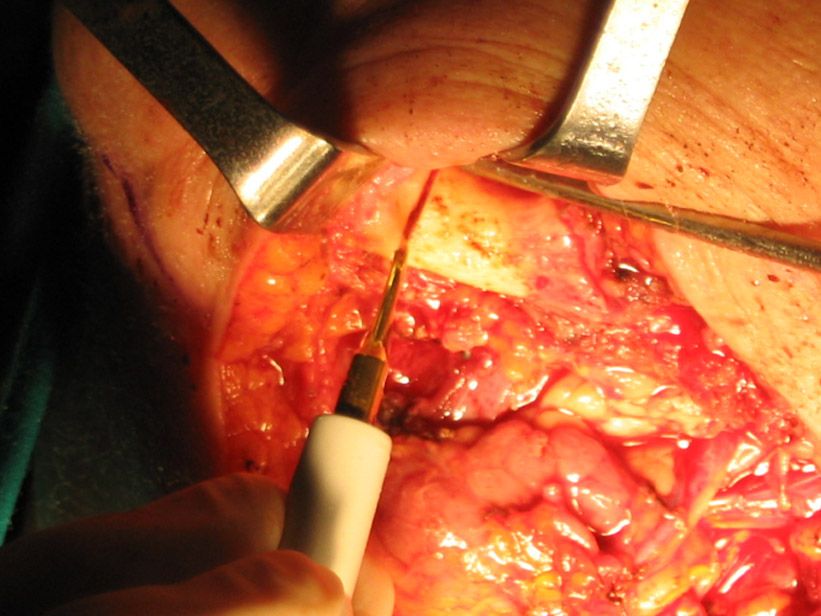- La costante irrigazione con soluzione fisiologica durante il taglio, mantiene il campo operatorio pulito ed evita gli eccessi di temperatura.
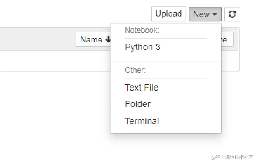 要打开一个新的 Jupyter 笔记本,点击页面右侧的「New」选项。
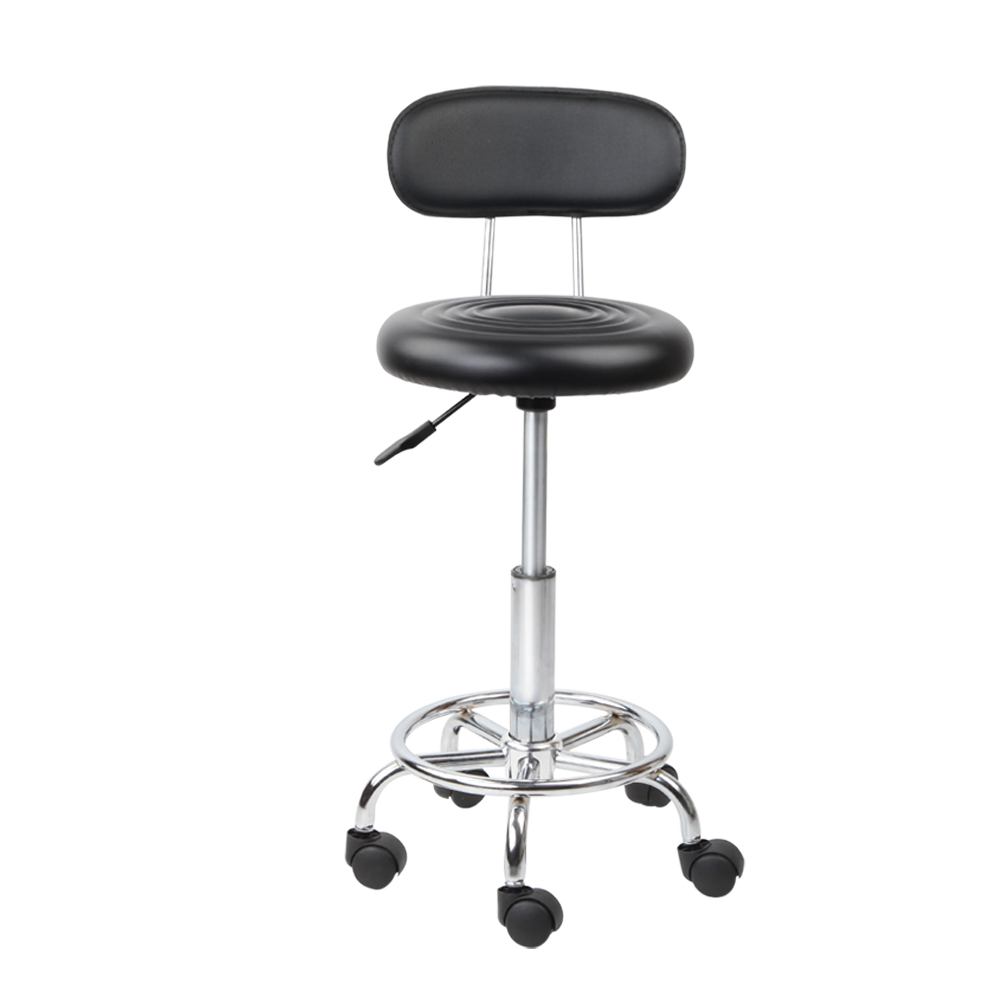 Artiss Salon Stool Swivel Chair - Black PU Leather, Adjustable Height, 360° Rotation, 5 Wheels, Chrome Base
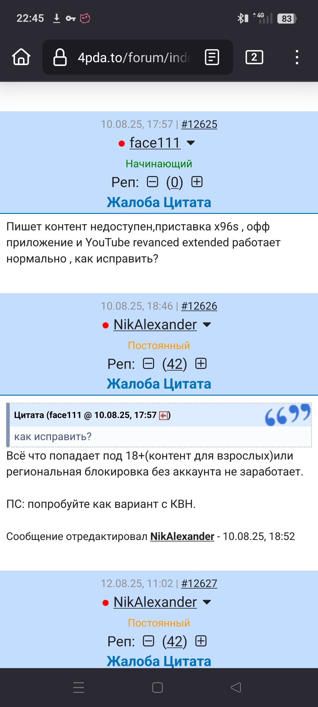 Шиза прогрессируетupgrayedd писал(а): 14 авг 2025, 22:25говно советуешь людям. NewPipe ведь.Chris писал(а): 14 авг 2025, 14:20А ещё яблочник не может накатить Youtube ReVanced без рекламы и с оконным режимом с 4pda. Опять на деньги разводят гоев, им придётся платить за то что на Андроиде всем доступно бесплатно, а еблодрочерам только с премиум подпиской.
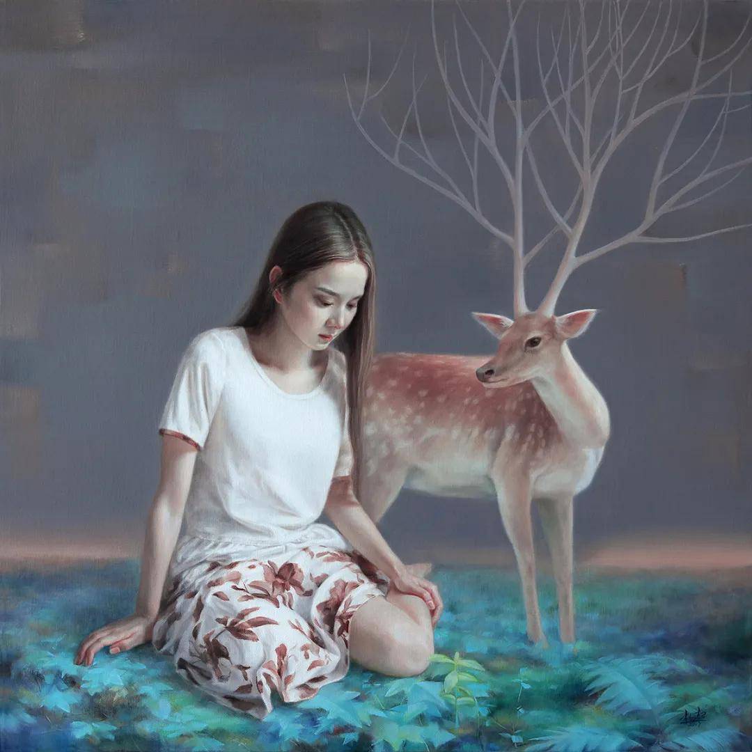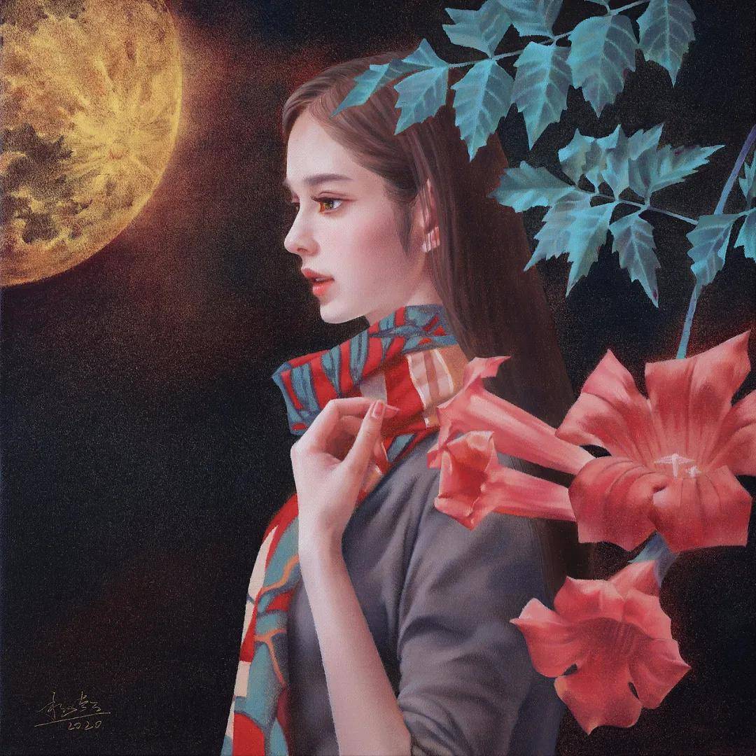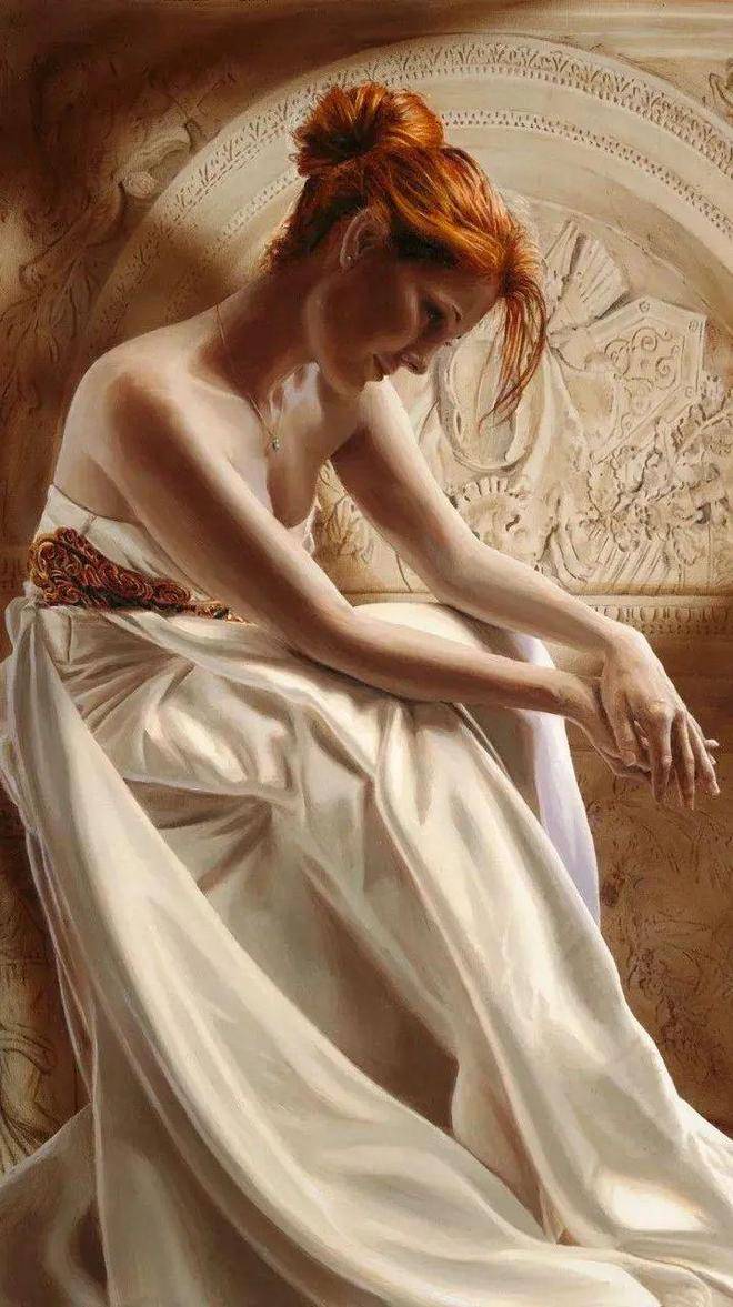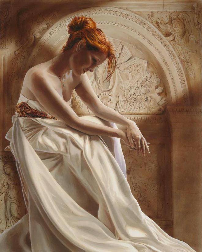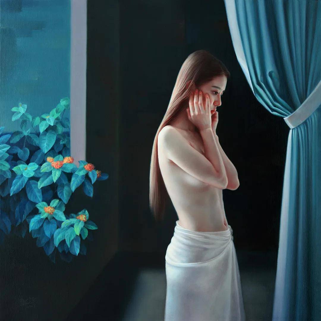 他的油画完美捕捉东方女子的纯净与优雅!(修改中)
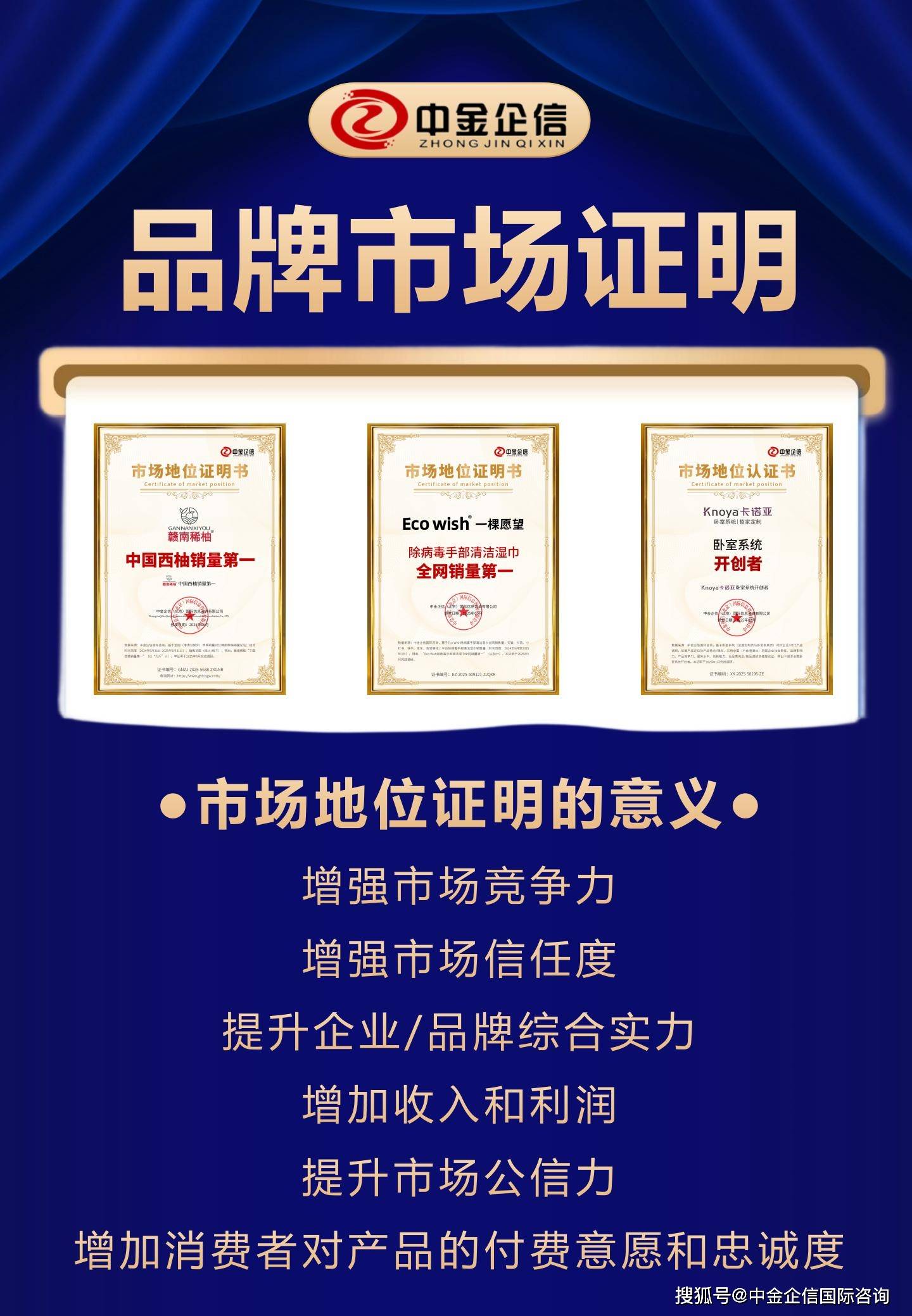 1)市场地位认证服务(用于企业宣传及广告投放):“首创者认证”、“开创者认证”、“全国首家认证”、“全国首款认证”、“引领者认证”、“市场占有率第一认证”、“销量第一认证”、“领导地位认证”、“销售排名认证”等。
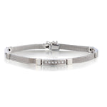 18kt white gold diamond bracelet featuring 18 x 0.45 total carat weight of Brilliant cut diamonds of (I-1) in colour and (H-I) in colour. This bracelet measures 7-1/2 " (L). 5mm (W). Weight: 15.55 grams. Concealed secure clasp. Made in Italy.
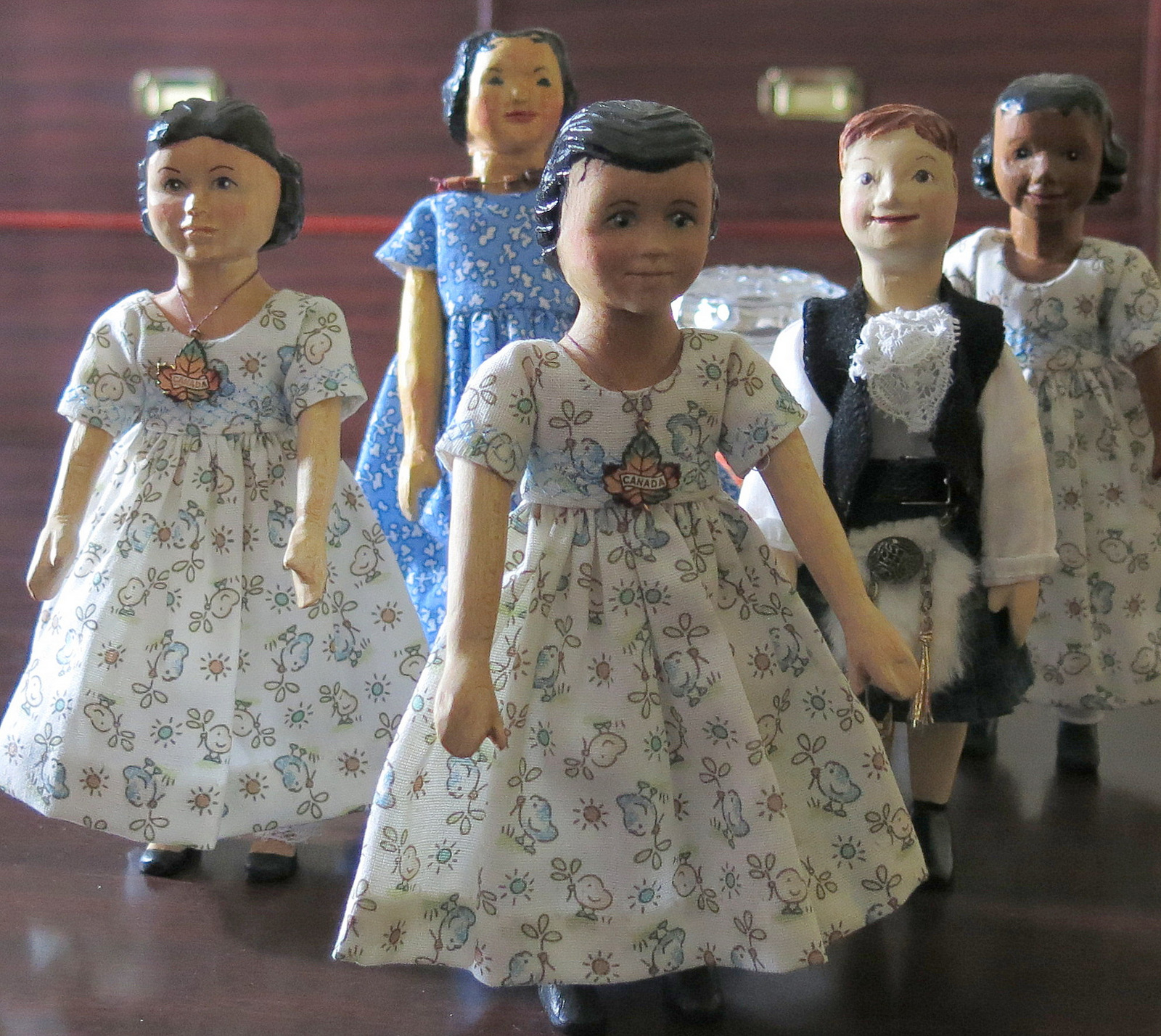 The Quimper Hittys entertained foreign visitors last weekend! Here are the visitors – Sequoia Dawn, Hitty Gracious, and  Merrin-Katz, who are posing with the locals – Mungo and Agathe.  Sequoia Dawn and Merrin-Katz are wearing “Canada” necklaces, and pretty matching Birdie dresses.  Out of the kindness of their hearts they brought Agathe a dress too.  Since they were staying at the Royal Scott Hotel, Mungo felt he had to come along and inspect the premises. He gave it the thumbs-up, and then retired to the Hitty basket to escape the Hitty Twittering.
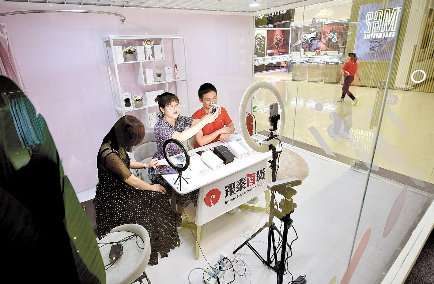 6月17日,武漢銀泰創(chuàng)意城共享直播間里,主播為華為手機、手表等產品進行帶貨直播!618電商大促”之際,線下商家也紛紛參與,共促武漢商業(yè)復蘇。 (湖北日報全媒記者 李溪 通訊員 唐雅倩 攝)
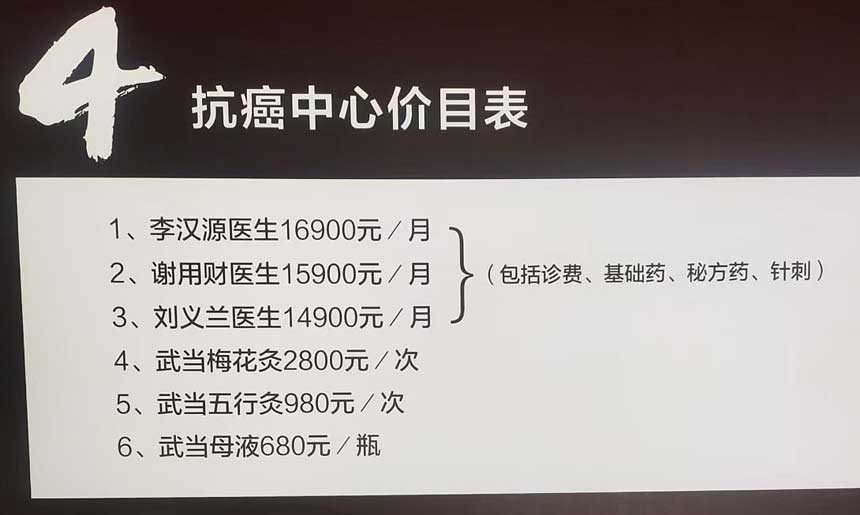药王谷中医馆抗癌中心价目表显示的各类诊疗费用。受访者供图
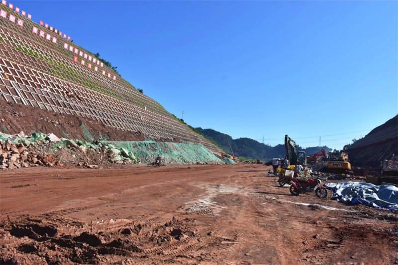 在金雞關(guān)開挖現(xiàn)場,貨車往來運(yùn)輸著物料,挖掘機(jī)、吊車等各司其職,在機(jī)械和車輛碾壓下,土路基已較為平坦,道路初具雛形。

> Task to complete: Each line above from the one containing "他的油画完美捕捉东方女子的纯净与优雅!(修改中)" through the one containing "18kt white gold" is to be returned verbatim. Nothing else, and no pictures.

> Problem solution:
 他的油画完美捕捉东方女子的纯净与优雅!(修改中)
 1)市场地位认证服务(用于企业宣传及广告投放):“首创者认证”、“开创者认证”、“全国首家认证”、“全国首款认证”、“引领者认证”、“市场占有率第一认证”、“销量第一认证”、“领导地位认证”、“销售排名认证”等。
 18kt white gold diamond bracelet featuring 18 x 0.45 total carat weight of Brilliant cut diamonds of (I-1) in colour and (H-I) in colour. This bracelet measures 7-1/2 " (L). 5mm (W). Weight: 15.55 grams. Concealed secure clasp. Made in Italy.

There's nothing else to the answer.